The bottom line is that while war remains a remote possibility, beneath that threshold, the standoff may still become ‘kinetic’, while more military talks are unlikely to achieve a restoration of ‘status quo ante’. A denouement becomes possible only at the political level. A November timeline is to be expected. During the G20 summit in Riyadh (November 21-22), the two leaders may meet. Again, China is a stakeholder in the US presidential election (November 3). The harsh winter conditions in Ladakh by November will also impose a standstill — a ‘frozen conflict’ — which is to China’s advantage.
The upshot of PM’s tough messaging is that he created political space. What complicates matters is that India is virtually alone in this enterprise. A vast majority of countries think that a foreign policy based on opposing China is hardly suited to addressing the global challenges that shape today’s world such as climate change, the post-pandemic recovery and so on.

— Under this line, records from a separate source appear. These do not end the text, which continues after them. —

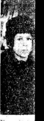
Cia matote ditchų (toro) iš kurių tryš... kurie kažk...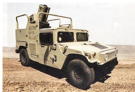
SOLTAM SPEAR auf Geländefahrzeug.

Elbit Systems hat ein neues autonomes Recoil Mortar System (RMS) SOLTAM SPEAR für leichte Gefechtsfahrzeuge vorgestellt. Es soll die Rückstosskräfte eines 120-mm-Mörser von 30 auf 10 Tonnen reduzieren. Dadurch eignet sich das System auch für den Einsatz auf leichten 4x4-Gefechtsfahrzeugen und erhöht Beweglichkeit und Kampfkraft der infanterieeigenen Steilfeuerkomponente. Durch sein leichtes, modu-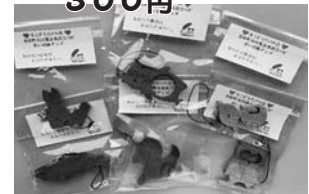
⑭ アニマルストラップ (ホエボランティアの会) 300円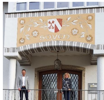
Politischer Besuch im Rathaus

Daniela Ludwig, Mitglied des Bundestages, besuchte am 01.12.2020 das Rathaus Soyen, um den neuen Bürgermeister persönlich kennenzulernen und sich über aktuelle Themen auszutauschen. Der geplante Termin für die nächste Sitzung des Arbeitskreises Dorferneuerung Bahnhofsgelände wurde auf 14.01.2021 festgelegt.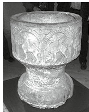
Bestiariusdopfunten i sin prakt.

Denna ”önskehelg” är planerad att återkomma vartannat år och den kan rekommenderas.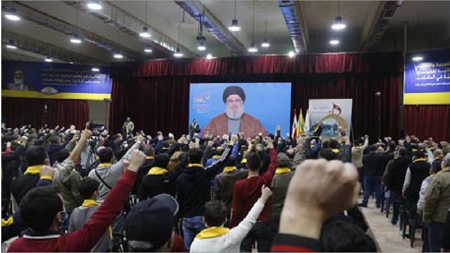
السيد نصرالله متحدّثاً بمناسبة يوم الجريح أمس

وأكد السيد نصر الله أنّ السفارة الأميركية هي من تمنع الردّ اللبناني على عرض الشركة الروسية.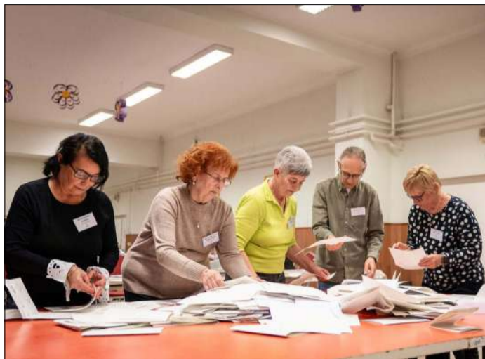
Szavazatszámolás a Békéscsabai Kazinczy Ferenc Általános Iskolában, a 29-es szavazóköri körben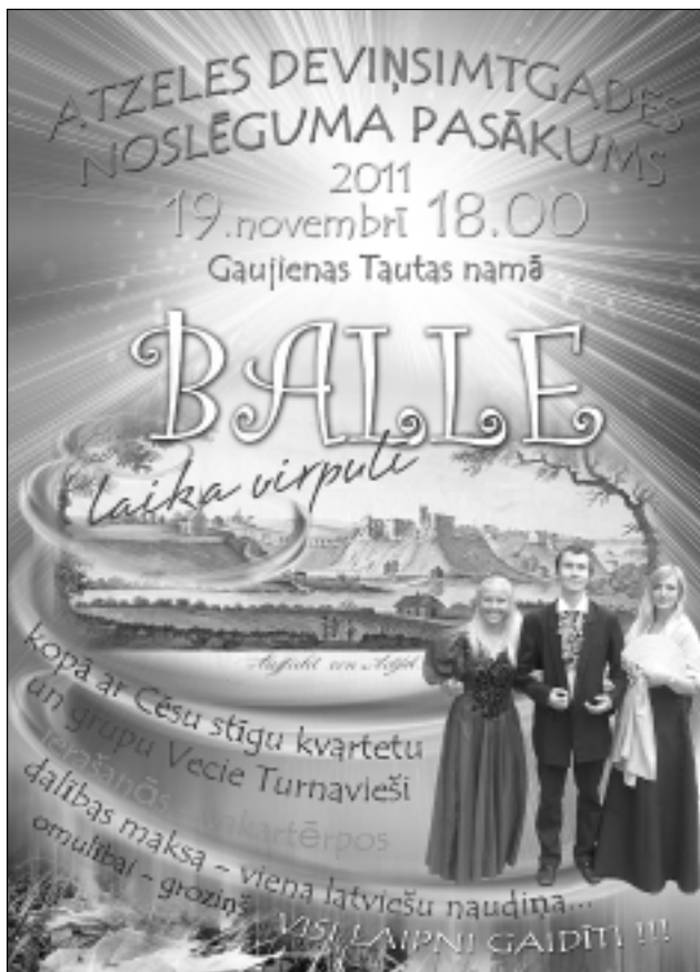
Pasākuma afiša. Sestdien, 19. novembrī, Gaujienā notiek Atzeles 900 gadu pasākuma balle, kurā tiek gan Atzeles apceļotāji, gan tūrisma objektu saimnieki. Ballē apbalvos arī konkursu uzvarētājus un prezentēs jauno Gaujienas kalendāru. Balle ir atklāta, - laipni lūgti visi, kas vēlas!

"Patiesība par latgaļiem nav mazāk svarīga par patiesību, kādu zinātne meklē pie inkiem, ēģiptiešiem, tibetiešiem, ebrejiem un citām senām kultūrtautām. Senās Purnovas atklāšana būs tā verta!" ar šādiem vārdiem savu pētījumu nobeidz A. Slišāns.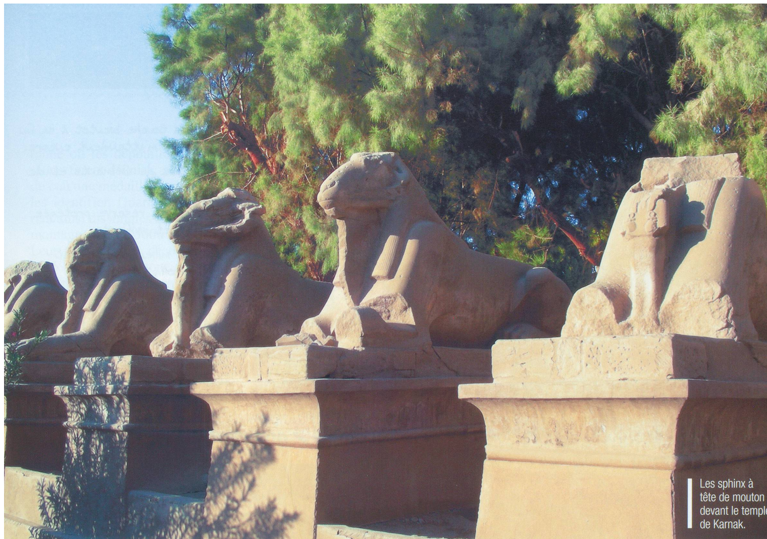
Les sphinx à tête de mouton devant le temple de Karnak.

on pénètre dans la cour éthiopienne, elle-même «gardée» par une impressionnante alignée de sphinx. Plus loin, deux statues de Ramsès III encadrent l'entrée dédiée au pharaon. Le colosse de Pinedjem, pharaon de la 21 e dynastie se dresse à quelques pas de là. Curieusement, une petite statue féminine a été sculptée à ses pieds.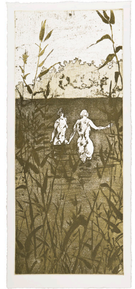
shore , Radierung auf Büttenpapier, 19,5x45 cm, 2019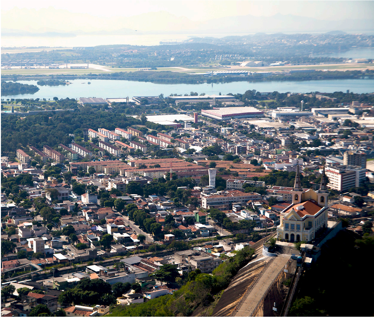
Figura 13 – Conjunto Residencial da Penha, Rio de Janeiro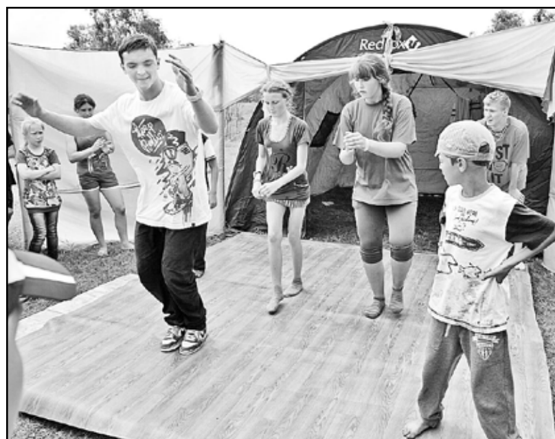
В брейк-дансе главное что? Точность движений, ритмичность, кураж...

Кормили ребят на слёте «Страна чудес» хорошо, пища была вкусной и калорийной. Ели ребята пять раз в день. Неуёмные родители, приезжая в лагерь, дабы посмотреть, как живёт их чадо, подолгу (пожалуй, даже излишне долго и нудно) объясняли, что именно не кушает дома их ребёнок. Одни говорили, что не надо кормить ребёнка молочным, другие поясняли, что не ест их чадо супчик мясной. Только удостоверилась я лично в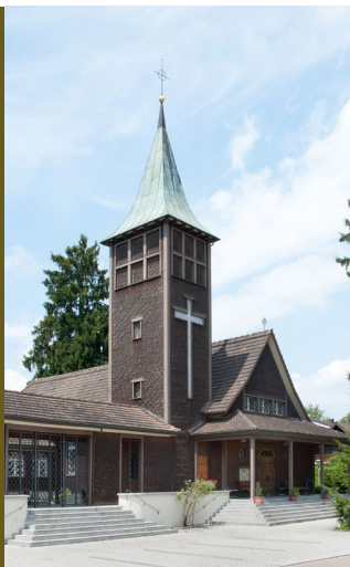
Egg bei Zürich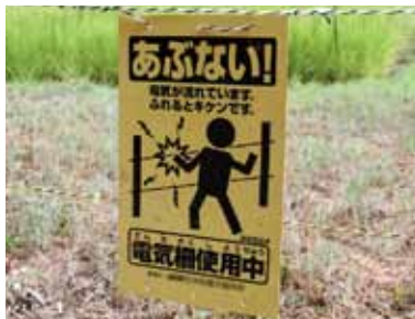
▲看板を設置して注意を促す！

農作物被害防止のため田や畑に電気柵を設置することは有効です。しかし、不用意に触れると感電する恐れがありますので、電気柵には絶対に近づかないようにしてください。電気柵を設置して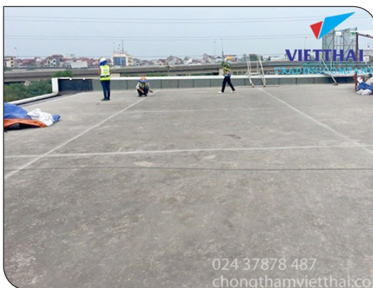
Chuẩn bị bề mặt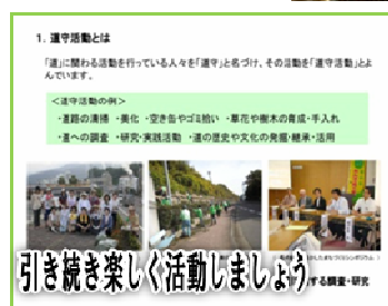
引き続き楽しく活動しましょう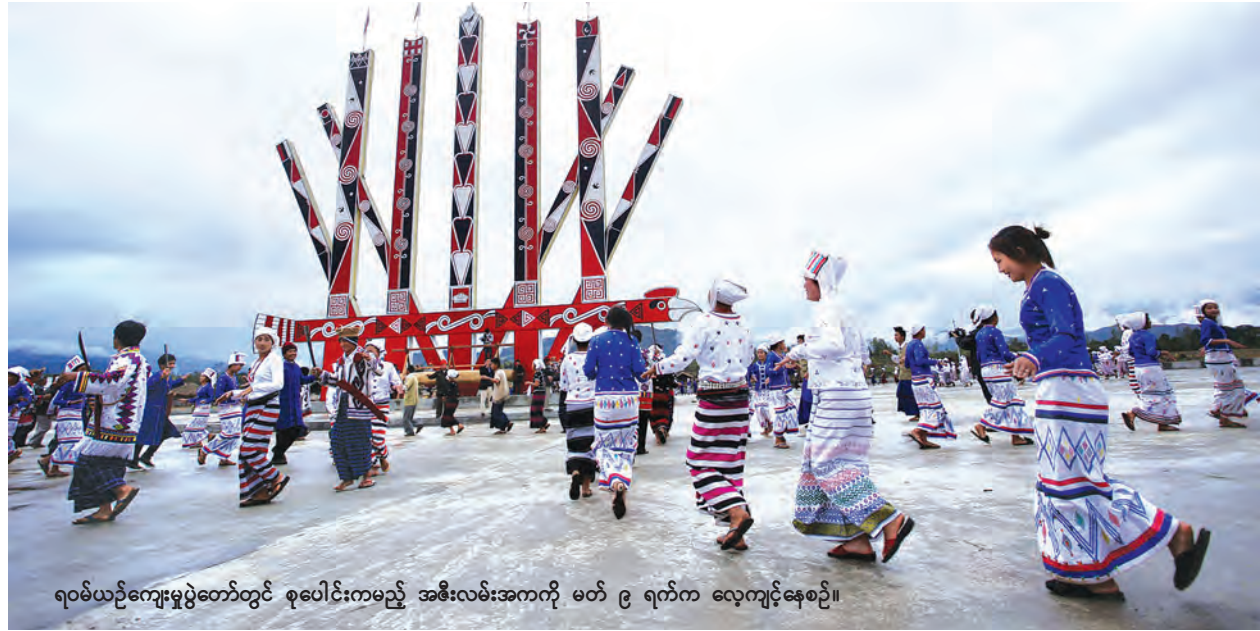
ရဝမ်ယဉ်ကျေးမှုပွဲတော်တွင် စုပေါင်းကမည့် အစီးလမ်းအကကို မတ် ၉ ရက်က လေ့ကျင့်နေစဉ်။

ဒဘူအီးခေါင်၏ အဓိပ္ပာယ်မှာ ဒဘူဆိုသည်မှာ ပျော်ရွှင်ခြင်း သို့မဟုတ် ကျေးဇူးတင်လို၍ ပျော်ရွှင် ခြင်း၊ ဝမ်းမြောက်ခြင်းဖြစ်ပြီး အီး ခေါင်ဆိုသည်မှာ စုပေါင်းကရသော အက(မနော)ဟူ၍ ဖြစ်ရာ ရဝမ် ယဉ်ကျေးမှုပွဲတော်(ဒဘူအီးခေါင်- ၂၀၁၆)က ရဝမ်လူမျိုးများ၏ ယဉ်ကျေးမှုနှင့် ရိုးရာဓလေ့များကို ပျော်ရွှင်စွာ ဖော်ထုတ်ပြသမည့် တိုင်းရင်းသားတို့၏ ပွဲတော်တစ်ရပ် ဖြစ်ရာ စုပေါင်းဆင်နွှဲခွင့်ရတော့ မည်ဖြစ်သည်။ မောင်မောင်မြင့်ဆွေ ဓာတ်ပုံ-တင်စိုး(မြန်မာ့အလင်း)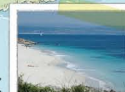
PLAYA DE MELIDE

De tradición nudista, donde puedes bañarte, ver la fauna marina y la flora dunar (sin pisar).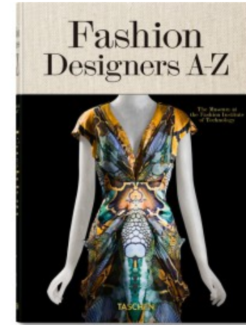
FASHION DESIGNERS A-Z Valerie Steele, Suzy Menkes 9783836572507 30,00€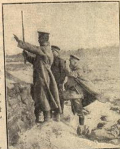
Gefangene Russen winken aus einem von den Deutschen erstürmten Schützengraben ihre Kameraden zur Übergabe heran.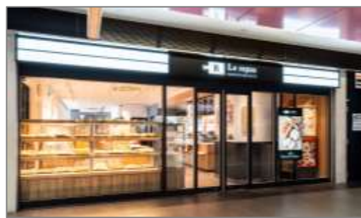
≪ベーカリー&amp;カフェ ルパ≫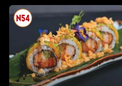
N54 Dragon Maki ..... 12,00€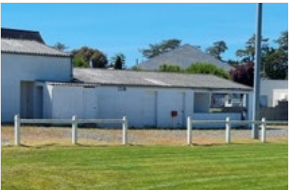
Vestiaires du club de foot

Les parents d'élèves ont été mis devant le fait accompli en apprenant la veille des vacances de février qu'il n'y aurait plus qu'un seul service de restauration le midi à l'Ecole Eric Tabarly. Pourtant tous (personnels, enseignants, parents et enfants) étaient satisfaits du dédoublement de service. La pause méridienne était devenue plus calme et propice au retour au travail. La réorganisation du personnel fragilise aussi l'Accueil de Loisirs qui travaille à flux tendu et sans filet (un seul diplômé habilité à l'accueil). Enfin, le Maire paraît surpris de l'ultimatum posé par la Fédération Française de Football concernant l'état des vestiaires du terrain de Jullouville. Des solutions d'investissements rapides s'imposent. Cette menace est pourtant depuis longtemps légitime ! Il n'est pas difficile dans ce cas de présenter un bilan financier satisfaisant au cours du débat d'orientations budgétaire lorsque l'on ne répond pas aux besoins matériels et humains.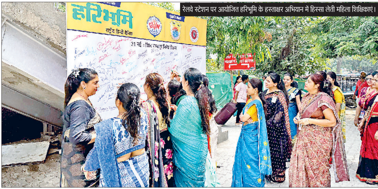
रेलवे स्टेशन पर आयोजित हरिभूमि के हस्ताक्षर अभियान में हिस्सा लेती महिला शिक्षिकाएं।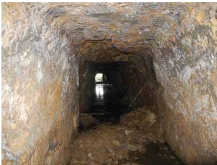
Slika 3 – Lece, Rasovača, rimsko okno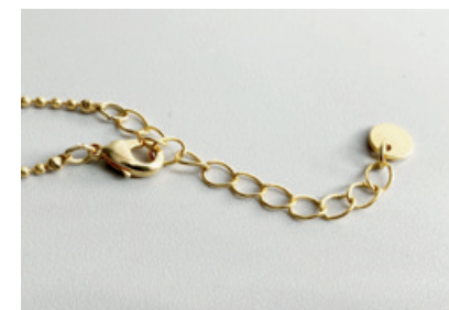
KETTENLÄNGE Alle unsere Ketten haben eine Länge von 40 cm und ein Verlängerungskettchen von 5 cm.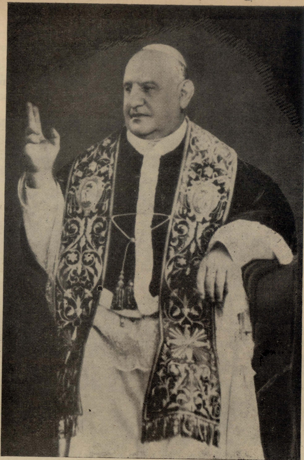
Il-Qdusija Tieghu l-Papa Ġwanni XXIII, ftit jiem wara li nhatar.

(Ritratt misluf lilna mill-“Information Office”)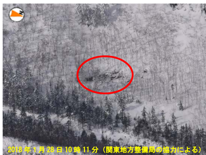
図4 草津白根山 23日に噴火が発生した西側の火口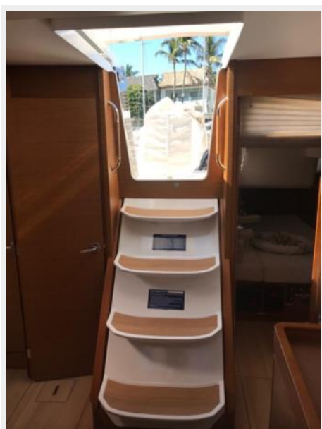
Jeanneau Odyssey 440_48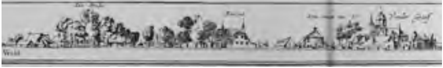
Afb. 3 Gezicht op de oostelijke Vechoever ten zuiden van Maarssen met buitens van Aux Brébis en Be(l)mont(e) en de steenfabriek van Van der Graef.

de Kaapse gouverneur Swellengrebel. 3 Naast dit buiten lag toentertijd het buitentje Ravensberg .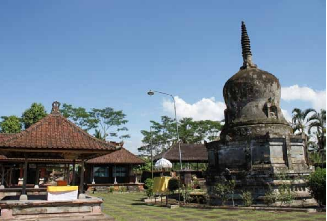
Gb. Stupa Di Pura Pegulingan, Tampaksiring Sejak 29 Juni 2012 ditetapkan sebagai warisan budaya dunia oleh UNESCO di Saint Petersburg, Rusia

Bertolak dari paparan di depan, jelaslah bahwa pengaruh Hindu (India) yang membuka lembaran sejarah Bali. Dua agama yang sudah berkembang di Bali ketika itu adalah Agama Siwa (Hindu) dan Budha. Bentuk-bentuk karya seni yang berasal dari masa tersebut adalah seni arca dan seni bangunan. Semua warisan tersebut menunjukkan bahwa DAS Pakerisan dan Petanu dan desa-desa yang berada di antara kedua aliran sungai tersebut menjadi pusat peradaban Bali. Keberadaan warisan dari dua agama yang berbeda dalam satu situs dan/atau pada situs yang berdekatan, menunjukkan bahwa kerukunan kehidupan beragama sudah dibangun saat itu. Artinya, hubungan harmonis antar umat beragama yang berbeda di Bali sudah dipraktikkan jauh sebelum Empu Tantular menulis kakawin Sutasoma, yang intinya memuat tentang ketunggalan Siwa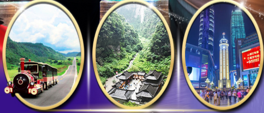
อุทยานเขานางฟ้า อุทยานหลุมฟ้า สะพานสวรรค์ ถนนคนเดินเจียฟางเป็ย

รหัสทัวร์ RJ-CZCKG01 เดินทาง 5D 3N ท.ค. - ต.ค. 2569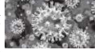
சுகாதார பிரிவு கட்டும் எச்சரிக்கை

இலங்கையில் கொவிட் வைரஸ் பரம்பல் மீண்டும் தலைதூக்க ஆரம்பித்துள்ளதாக சுகாதாரத்துறை புள்ளி விபரங்கள் மூலம் தெரியவந்துள்ளது. நேற்றைய தினத்தில் மாத்திரம் 72 கொவிட் தொற்றாளர்கள் கண்டுபிடிக்கப்பட்டுள்ளனர். இவர்களில் வெளிநாடு சென்று திரும்பியோர் எவரும் இல்லை என்பதுடன்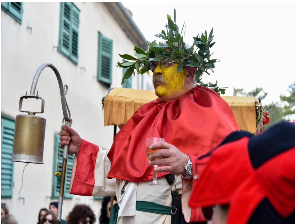
Bako u povorci 2018. godine 76

Da te u Milan vrag odnese, jer ti prazniš naše kese! 75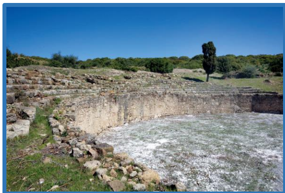
Amphithéâtre à restaurer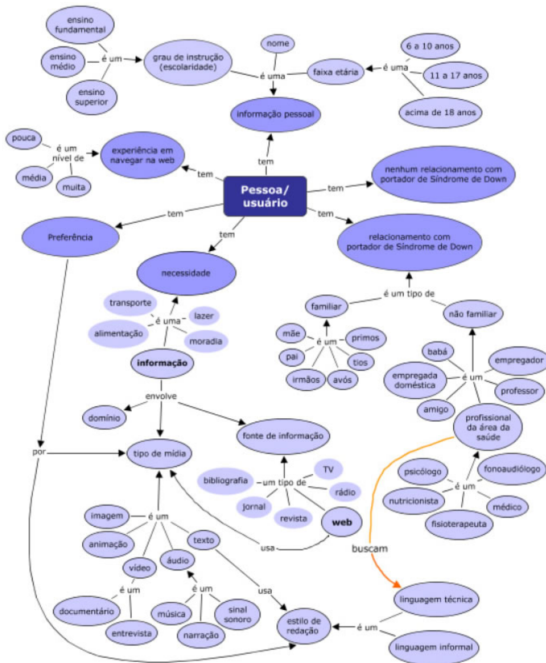
Figura 2: Mapa Conceitual – Identificação e contexto do usuário do web site “Diferente todo mundo é!”

A partir deste estudo evidenciou-se que informações sobre usuário, tais como, faixa etária, grau de instrução/escolaridade, experiência/habilidade em navegar pela web, seriam fundamentais para compor o ‘modelo do usuário’ e, conseqüentemente, propiciar a personalização.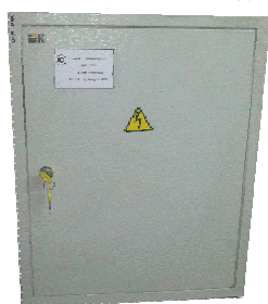
в) Шкаф автоматики (в закрытом состоянии)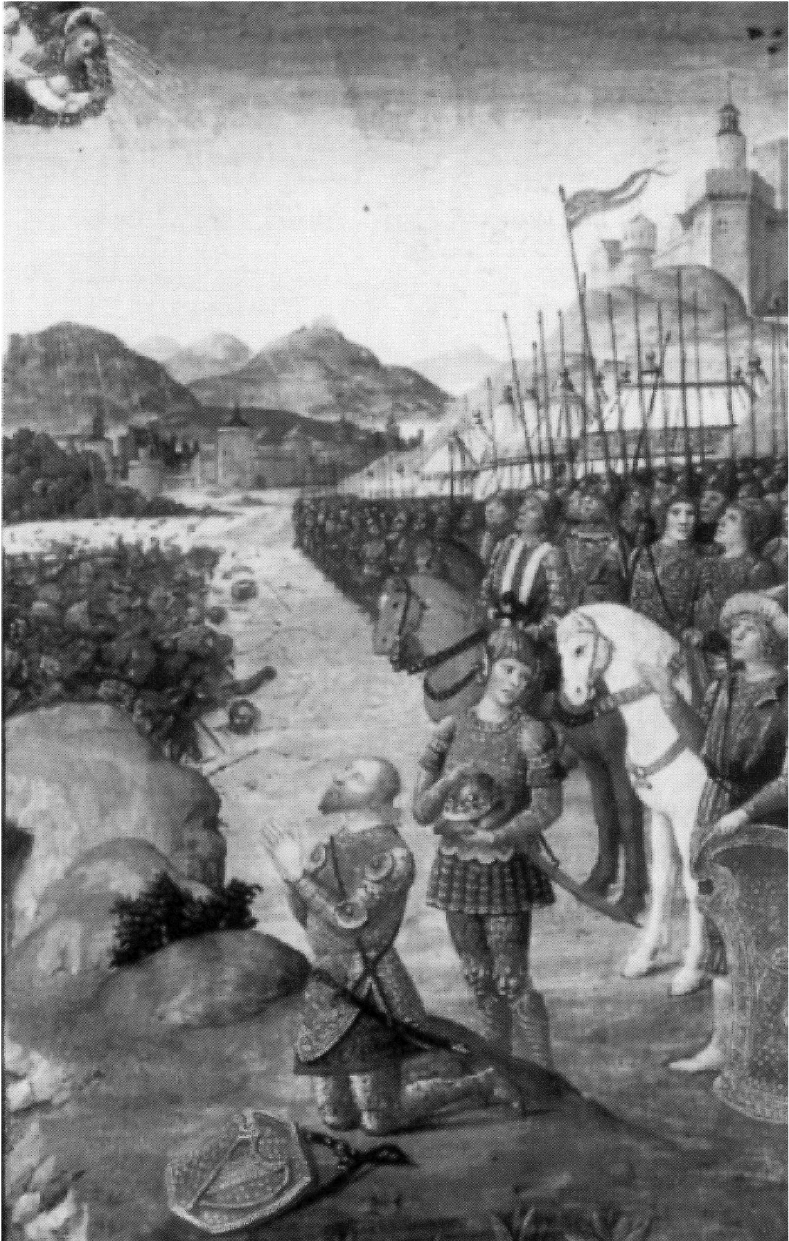
Figure 2. BnF ms. lat. 10491, fol. 147v Diurnal de René II de Lorraine (1492 et 1494), ps. 26.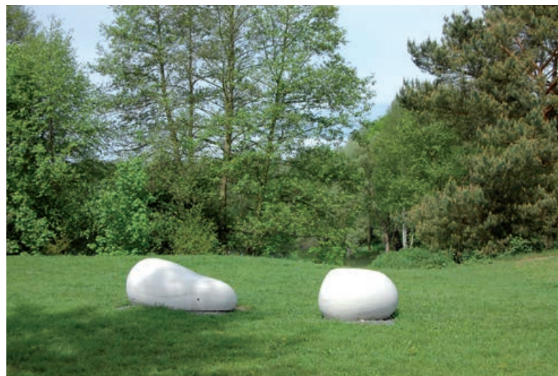
Freizeitgelände an der Waldhütte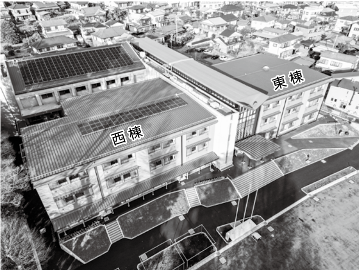
今年度東棟・西棟に太陽光発電設備を設置する松田小学校

There is a misconception among Indian analysts that the US might intimidate China to ease the pressure on India. That is a pipe dream. The recent deployment of US aircraft carriers in Asia-Pacific is principally to keep them away from the medieval virus; China and other regional states see it that way. In the middle of an increasingly uncertain re-election bid and the raging pandemic, Trump will not risk military confrontation with China. He has been consistent that America shouldn’t start wars or intervene in wars unless its interests are threatened.
India cannot afford to predicate its national defence on assumptions that are delusional. We simply have to wait and see what form the US-China rivalry takes. If Joe Biden wins, a rollback of tensions vis-a-vis both China and Iran is likely. Biden’s first priority will be to rebuild the trans-Atlantic partnership and rekindle the spirit of multilateralism.
Even if Trump wins, his behaviour toward China will inevitably change under a new team. Will he settle for debilitating confrontation with China as his final presidential legacy? Or, will he accept China’s offer of help to accelerate America’s economic recovery? At any rate, for the next one year at least, the US foreign policy remains on auto pilot. And all we have are Pompeo’s words to go by.
There has been a precipitous decline in the appeal of a US-led world order and the pandemic will only reinforce the already widespread view that America has lost its way. Nonetheless, the American lobbyists in our country see the spike in India-China tensions as a window of opportunity to press for a military alliance between India and the US.
Modi has been savvy enough not to fall into that trap, as evident from his phone call to President Putin on Thursday and the Defence Acquisition Council’s approval of a multi-billion dollar arms deal with Russia for procurement of 29 MiG and 12 Su-30 MKI fighter jets and the upgrade of another 59 MiG 29 aircraft.
Again, the US lobbyists have been spreading a canard that Russia can no longer be trusted, given its entente with China. Whereas, the Russian thinking is that third countries should ‘stay away from the flywheel of the US-Chinese confrontation’, as the top Kremlin pundit Fyodor Lukyanov said recently. To quote him, Russian foreign policy’s priority is ‘to accurately build a system of counterbalances that would, on the one hand, prevent us from being involved in this confrontation, and on the other, enable us to use the fact that there are some other countries that have absolutely no intention to participate in it.’ There is scope for India to work with Russia in building such a system. The paradox is that it may also help restore China-India mutual trust.